PROVIDED DATA:
##############################

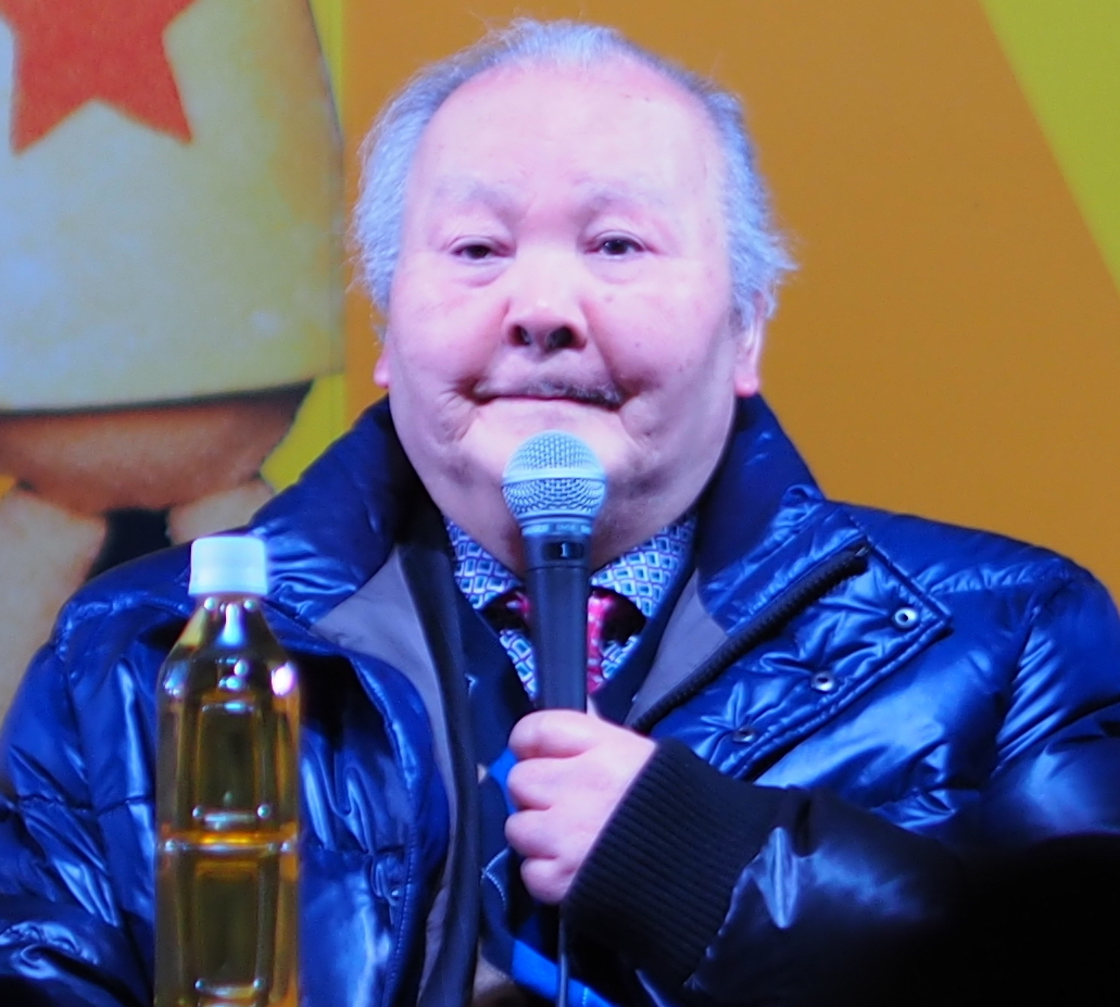 Professional shogi player 加藤一二三 Hifumi Katō in 2018.
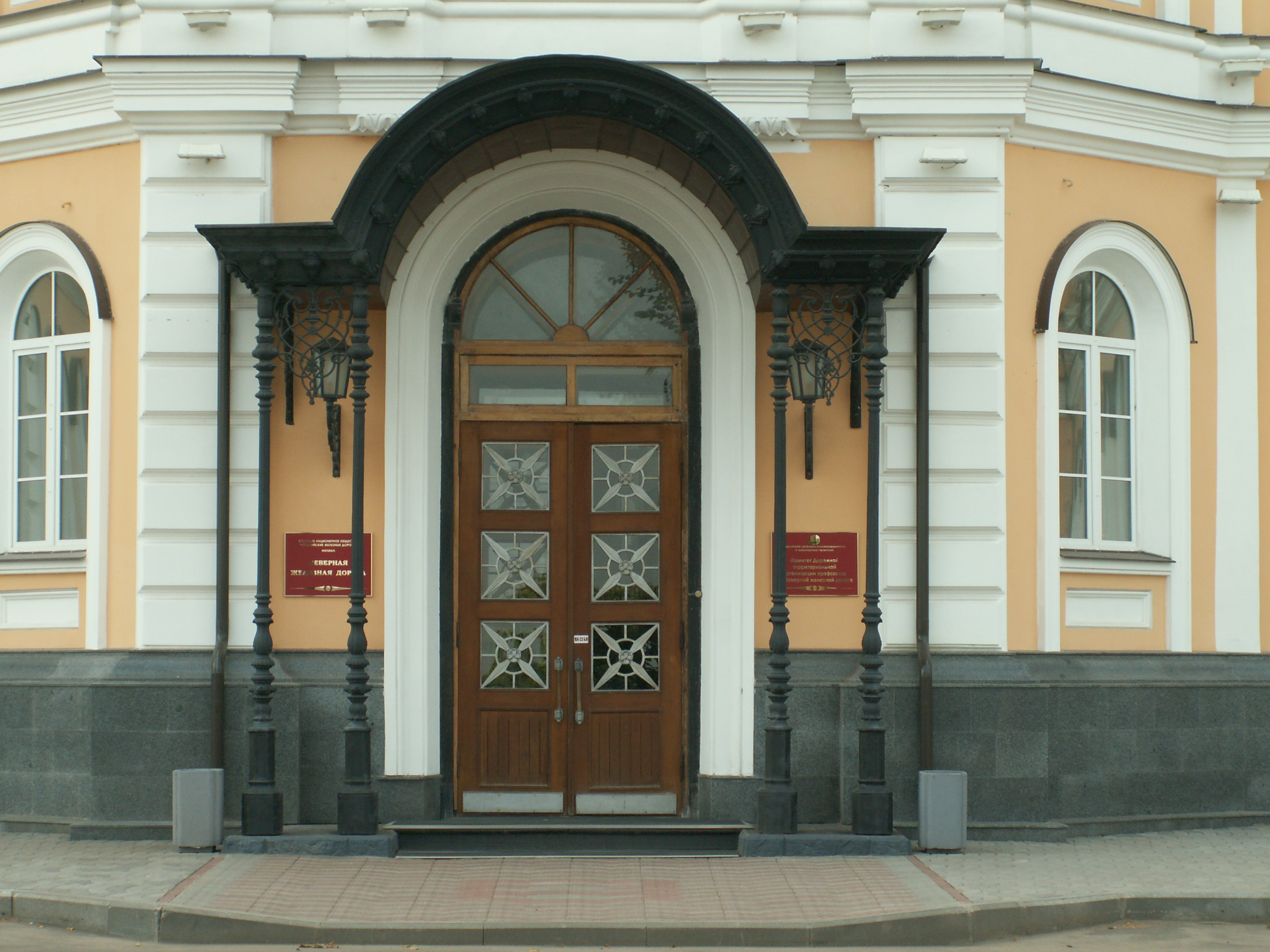 Entrance to the Northern Railway administration building (Yaroslavl, Russia)
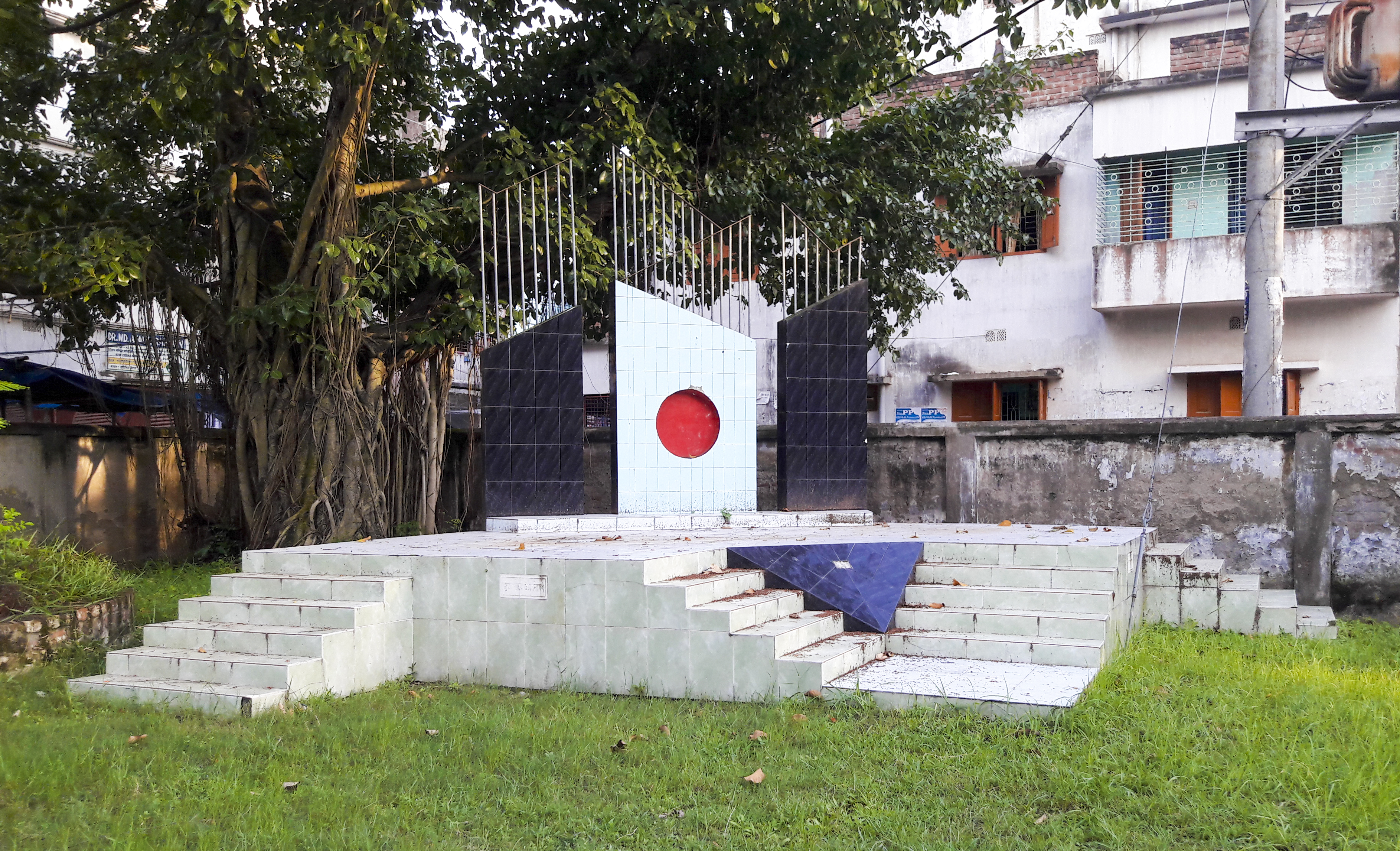 Institute of Health Technology, Rajshahi or short form I.H.T Rajshahi One of the Government Medical Institute in Rajshahi, Bangladesh.
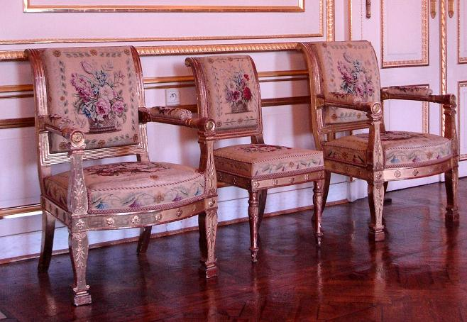 Empire-Furniture , with old Beauvais tapestry a wedding present by French king Louis Philippe to his son-in-law
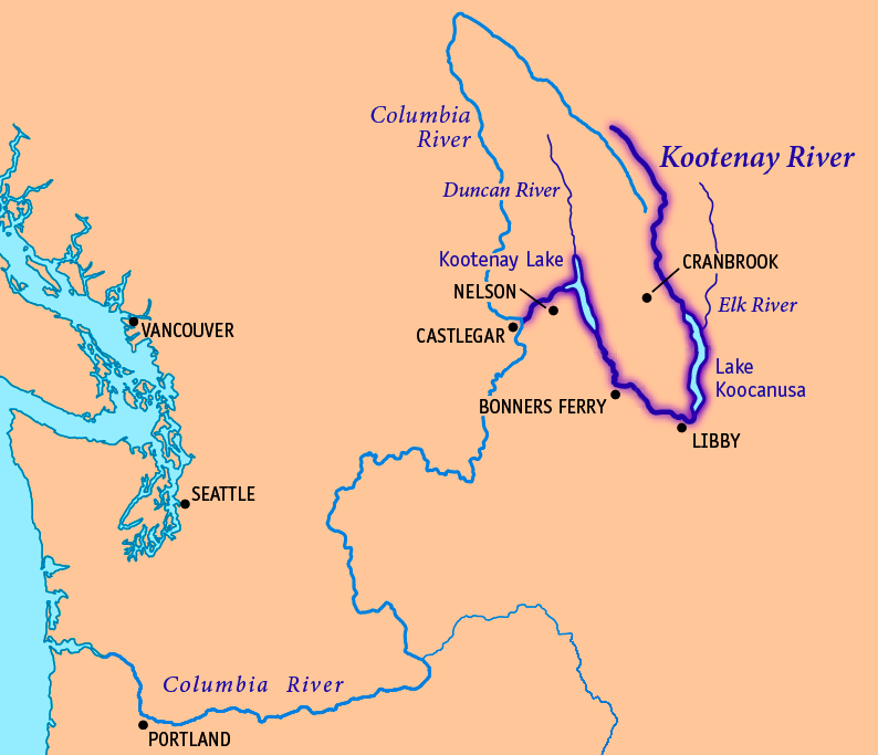 This is a map of the Kootenay River — of the Northwest Plateau.
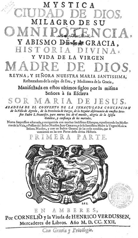 Opening page of a vita (biography of a saint) of Sta. María de Jesús de Agreda (1602-1665), Spanish Fransiscan.
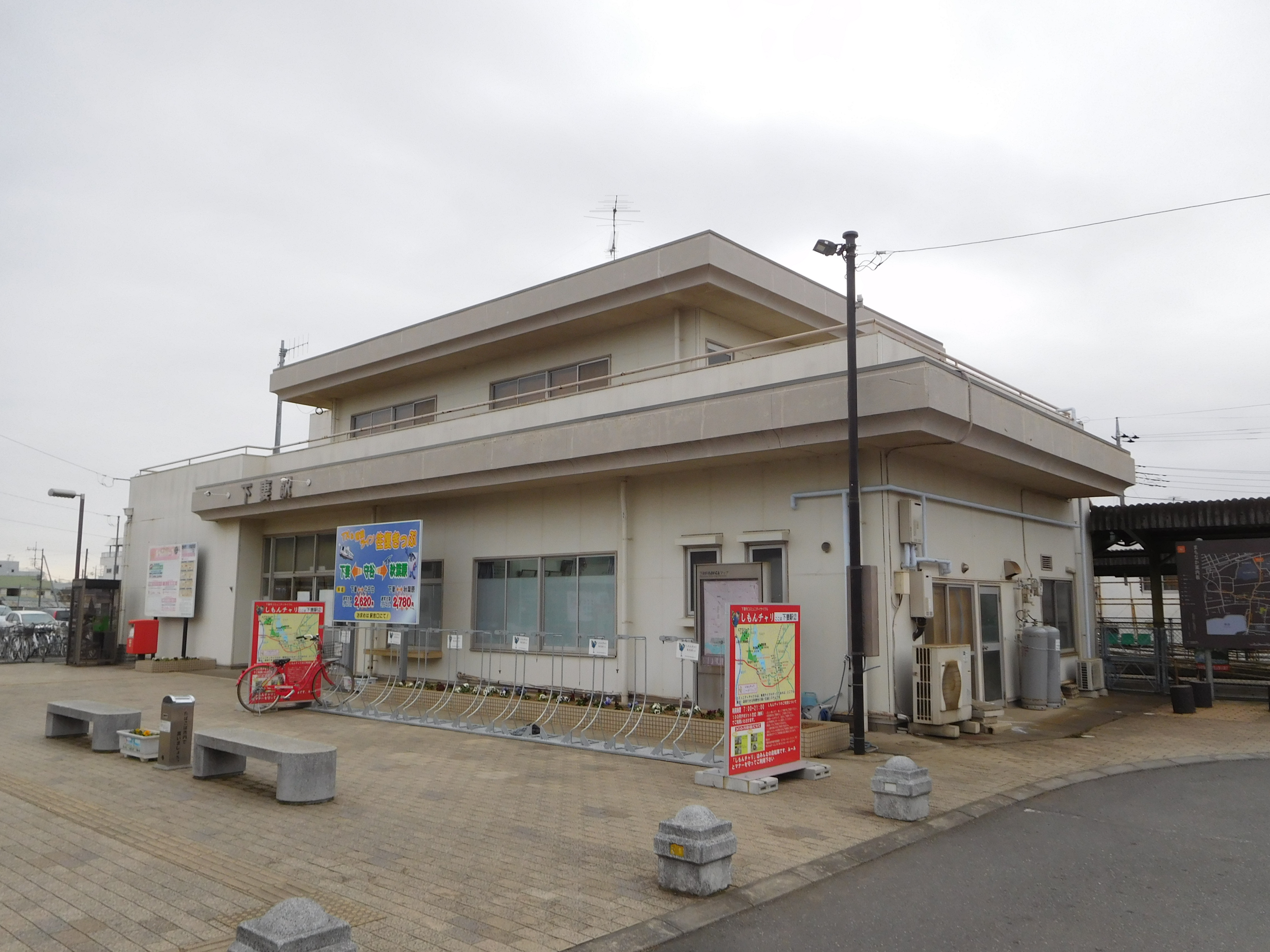 This is Shimotsuma Station in Shimotsuma, Ibaraki, Japan.
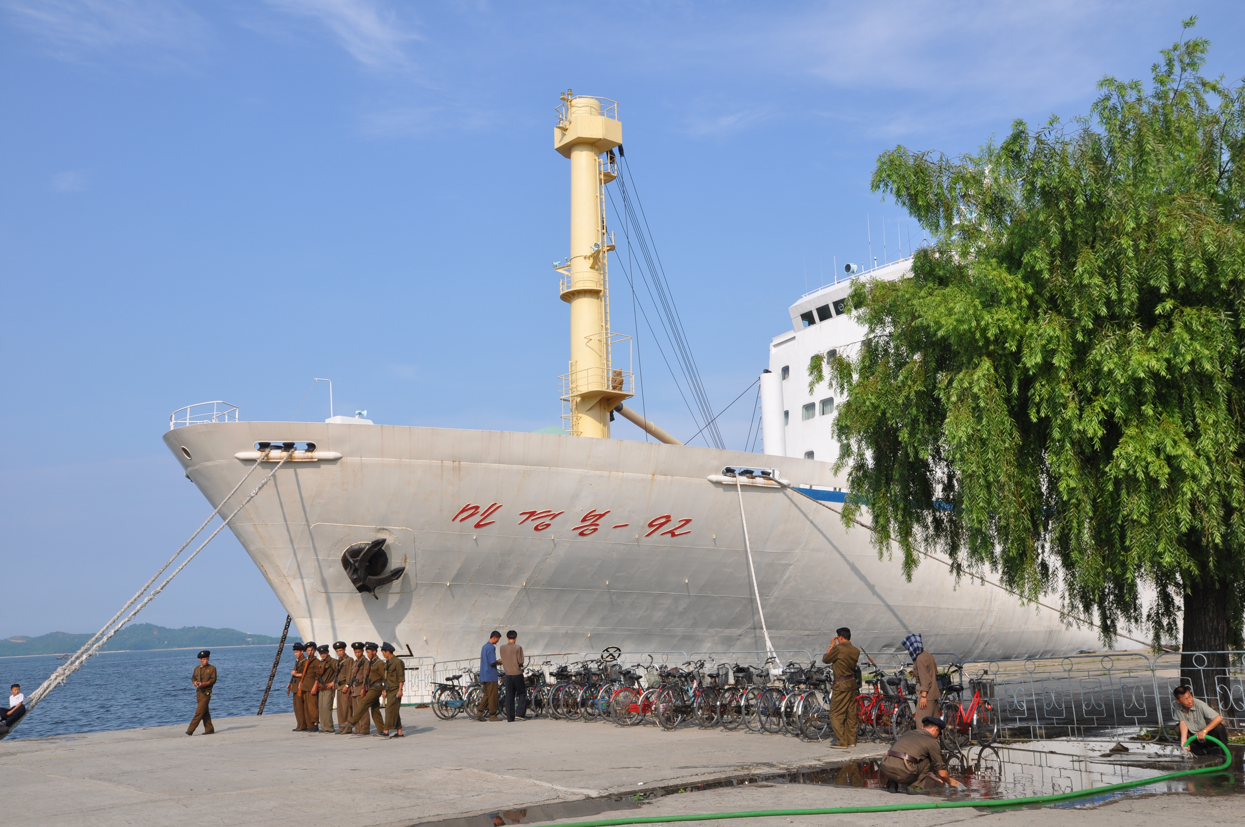 Mangyongbong-92 in Wonsan. IMO Number: 8890580 Callsign: HMZL
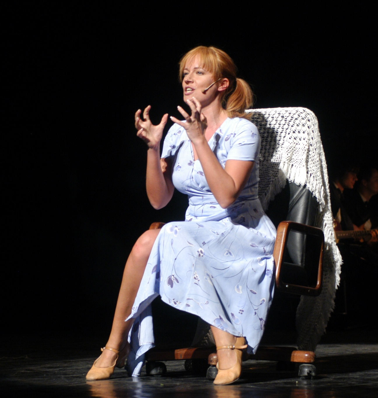 Alena Antalová
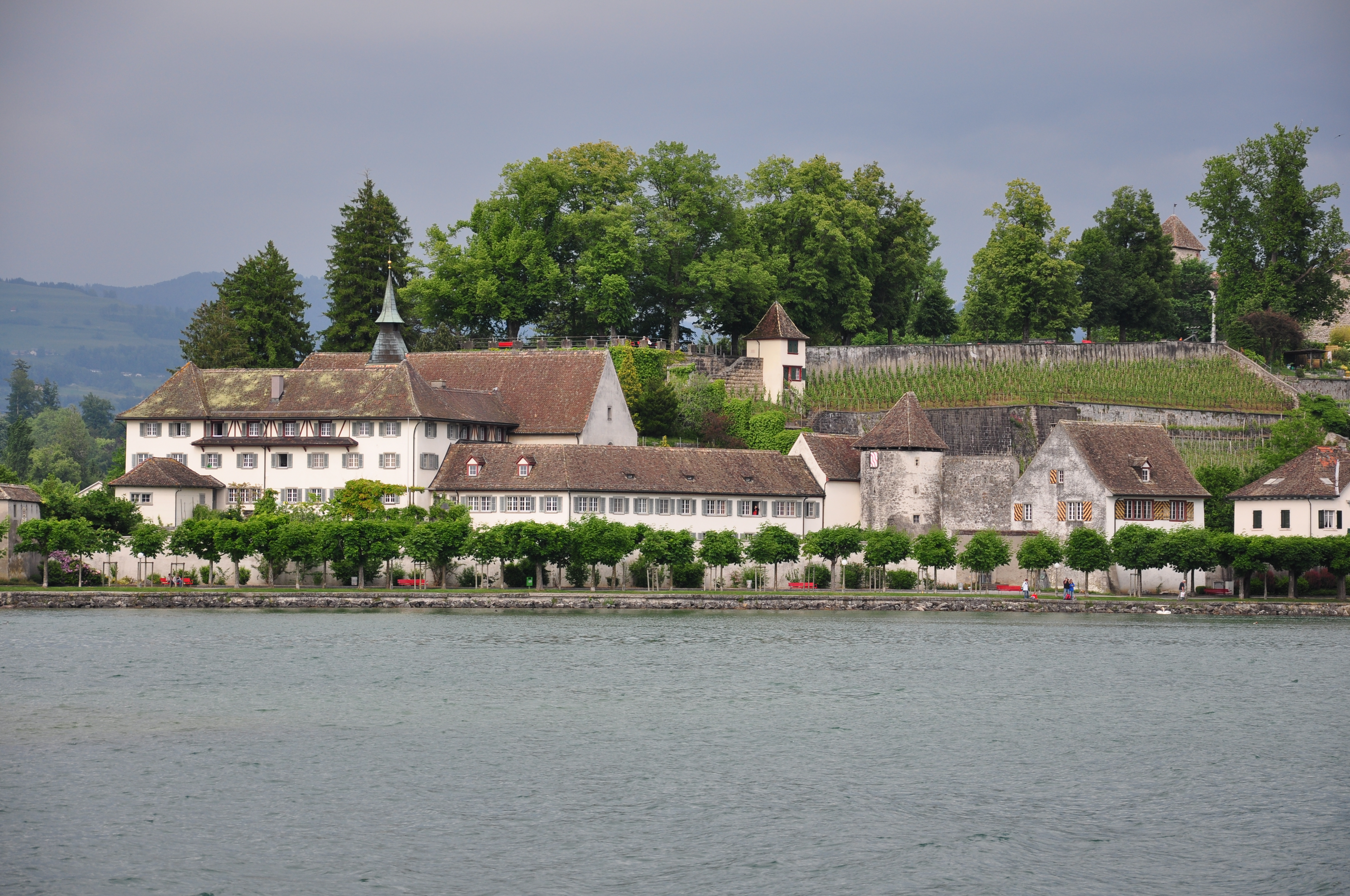 Capuchin monastery in Rapperswil (SG), as seen from Seedamm, Einsiedlerhaus to the right, Lindenhof in the background.

##############################

WHAT YOU HAVE TO DO: Keeping pictures out, repeat exactly the lines from the one containing "Alena Antalová" through the end of the listing.

REPLY:
 Alena Antalová
 Capuchin monastery in Rapperswil (SG), as seen from Seedamm, Einsiedlerhaus to the right, Lindenhof in the background.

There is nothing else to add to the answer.